Academic background
- Education: B.A. Ph.D.,Economics
- Alma mater: Renmin University of China University of Southern California

Academic work
- Institutions: Cheung Kong Graduate School of Business

= Baohong Sun =

Chinese economist and an academic

Baohong Sun is a Chinese economist and an academic. She is a Dean’s Distinguished Chair Professor of Marketing at Cheung Kong Graduate School of Business. Her research has focused on quantitative marketing, consumer decision-making, dynamic and structural modeling, AI and recommendation systems, digital platforms, pricing, personalization, and technology-driven customer behavior. Her work has received media coverage in outlets such as The Guardian, China Daily, Forbes and The New York Times.

==Education==
Sun completed her B.A. from Renmin University of China and a Ph.D. in Economics from the University of Southern California.

==Career==
Sun began her academic career in 1997 as an Assistant Professor of Marketing at Carnegie Mellon University. She was promoted to Associate Professor of Marketing at Carnegie Mellon University from 2004 to 2009 and then worked as a Full Professor of Marketing from 2009 to 2011, during which time she also held the Carnegie Bosch Professorship. Since 2011, she has been a Dean’s Distinguished Chair Professor of Marketing and the Director of the Web3xAI Research Center at Cheung Kong Graduate School of Business.

Sun also holds professional experience, including contributing to the World Economic Forum. Additionally, she was also on the Board of Directors at the Chinese Economic Society.

==Works==
In 2016, Sun authored the book Customer-Centric Marketing: A Pragmatic Framework wherein she explained how to use advanced analytics and optimization to make dynamic, data-driven, customer-centric marketing decisions that adapt over time to maximize long-term profitability. Her recent book, titled Brand Intelligence: Navigating the Transformation in the AI and Web3 Era has explained how brands transform into intelligent, AI-driven digital ecosystems that grow through data, communities, and decentralized value creation.

==Research==
Sun's research has explored economics and quantitative marketing. Her work has focused on developing dynamic structural models. A major theme in her research is analyzing rational and strategic consumer behavior, especially in environments where decisions unfold sequentially and are influenced by prices, promotions, and information.

A large portion of Sun's research focuses on data-driven and model-based marketing, including customer relationship management, pricing strategy, loyalty programs, and cross-selling. She has studied how firms can optimally allocate marketing resources and design incentives by modeling how consumers respond dynamically to marketing actions such as promotions, subscription pricing, and recommendation systems. Her work often uses rigorous econometric and structural approaches to quantify how marketing interventions affect both short-term purchases and long-term customer value.

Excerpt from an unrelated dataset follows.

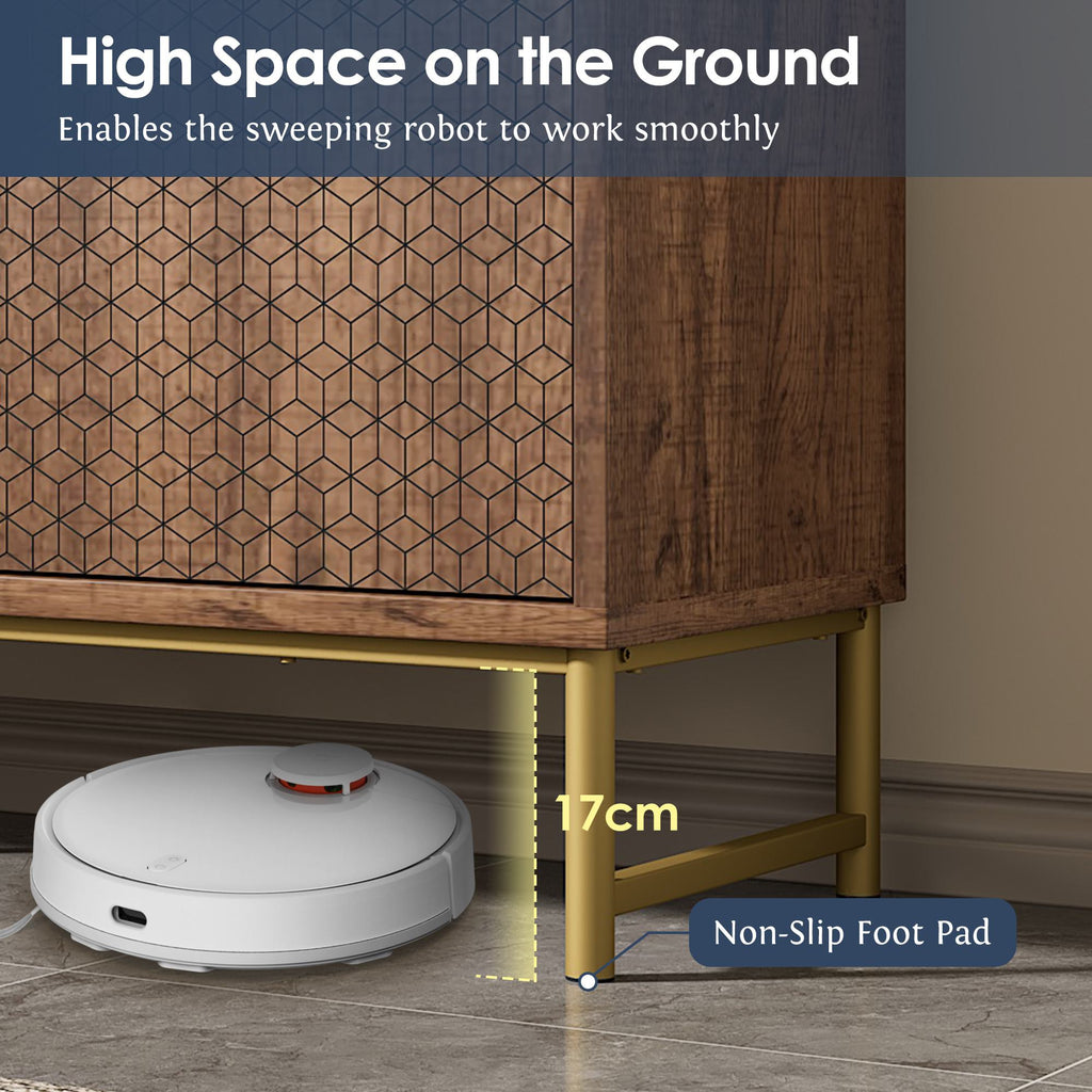 Elevate your living space with this Embossed Design Sideboard Cabinet Dresser, featuring three drawers and two doors with adjustable compartments. Crafted from metal and chipboard in a stylish walnut finish, this sideboard offers a modern aesthetic with its embossed texture and natural wood grain. The flexible shelf adjustment system allows for three levels of height adjustment, ensuring maximum space utilisation for various items. With a ground clearance of 17 cm and adjustable metal support feet, this cabinet is easy to clean and stable on different floor conditions, making it perfect for any room in your home.

More recently, Sun's research has expanded into digital platforms and emerging technologies, including e-commerce, social commerce, machine learning, and AI-driven marketing systems. She has examined how consumer behavior evolves in online environments, how recommendation systems influence exploration and purchase decisions, and how firms can use big data to improve targeting and personalization.

==Selected articles==
- Erdem, T., & Sun, B. (2002). An empirical investigation of the spillover effects of advertising and sales promotions in umbrella branding. Journal of Marketing Research, 39(4), 408-420.
- Li, S., Sun, B., & Wilcox, R. T. (2005). Cross-selling sequentially ordered products: An application to consumer banking services. Journal of Marketing Research, 42(2), 233-239.
- Erdem, T., Keane, M. P., & Sun, B. (2008). A dynamic model of brand choice when price and advertising signal product quality. Marketing Science, 27(6), 1111-1125.
- Ma, L., Sun, B., & Kekre, S. (2015). The squeaky wheel gets the grease—An empirical analysis of customer voice and firm intervention on Twitter. Marketing Science, 34(5), 627-645.
- Ma, L., & Sun, B. (2020). Machine learning and AI in marketing–Connecting computing power to human insights. International journal of research in marketing, 37(3), 481-504.